The tissue-engineered epidermal (TEE), composed of biocompatible vectors and autogenous functional cells, is a novel strategy to solve the problem of shortage of donor skin sources. The human primary keratinocyte (HPK), the major skin components, are self-evident vital in wound healing and was considered as one of the preferred seed cells for TEEs. Since the process of separating HPKs from the skin triggers a stress state of the cells, achieving its rapid adhesion and proliferation on biomaterials remains challenging. The key to the clinical application is to ensure the normal function of cells while improving the proliferation ability in vitro, and to complete the complex mesenchymal epithelialization to achieve tissue remodeling after vivo implantation.
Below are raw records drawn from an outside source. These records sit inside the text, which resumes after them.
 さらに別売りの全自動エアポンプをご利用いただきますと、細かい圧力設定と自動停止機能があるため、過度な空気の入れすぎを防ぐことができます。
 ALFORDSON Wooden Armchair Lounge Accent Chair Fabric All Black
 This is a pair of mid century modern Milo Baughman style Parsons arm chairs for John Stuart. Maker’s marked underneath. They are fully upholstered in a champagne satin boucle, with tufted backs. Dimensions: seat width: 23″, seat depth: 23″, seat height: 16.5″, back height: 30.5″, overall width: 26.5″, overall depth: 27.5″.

Herein, in order to aid HPKs adhesion and proliferation in vitro and promoting wound healing, we developed a three dimensional collagen scaffold with Y-27632 sustainedly released from the nanoplatform, hollow mesoporous organosilica nanoparticles (HMON). The results showed that the porous structure within the TEE supports the implanted HPKs expanding in a three-dimensional mode to jointly construct the tissue-engineered epidermis in vitro and inhibited the mitochondria-mediated cell apoptosis. It was confirmed that the TEEs with suitable degradation rate could maintain drug release after implantation and could accelerate vascularization of wound base and further revealed the involvement of mesenchymal transformation of transplanted HPKs during skin regeneration in a nude mouse model with full-thickness skin resection. In conclusion, our study highlights the great potential of constructing TEE using a nanoparticle platform for the treatment of large-area skin defects.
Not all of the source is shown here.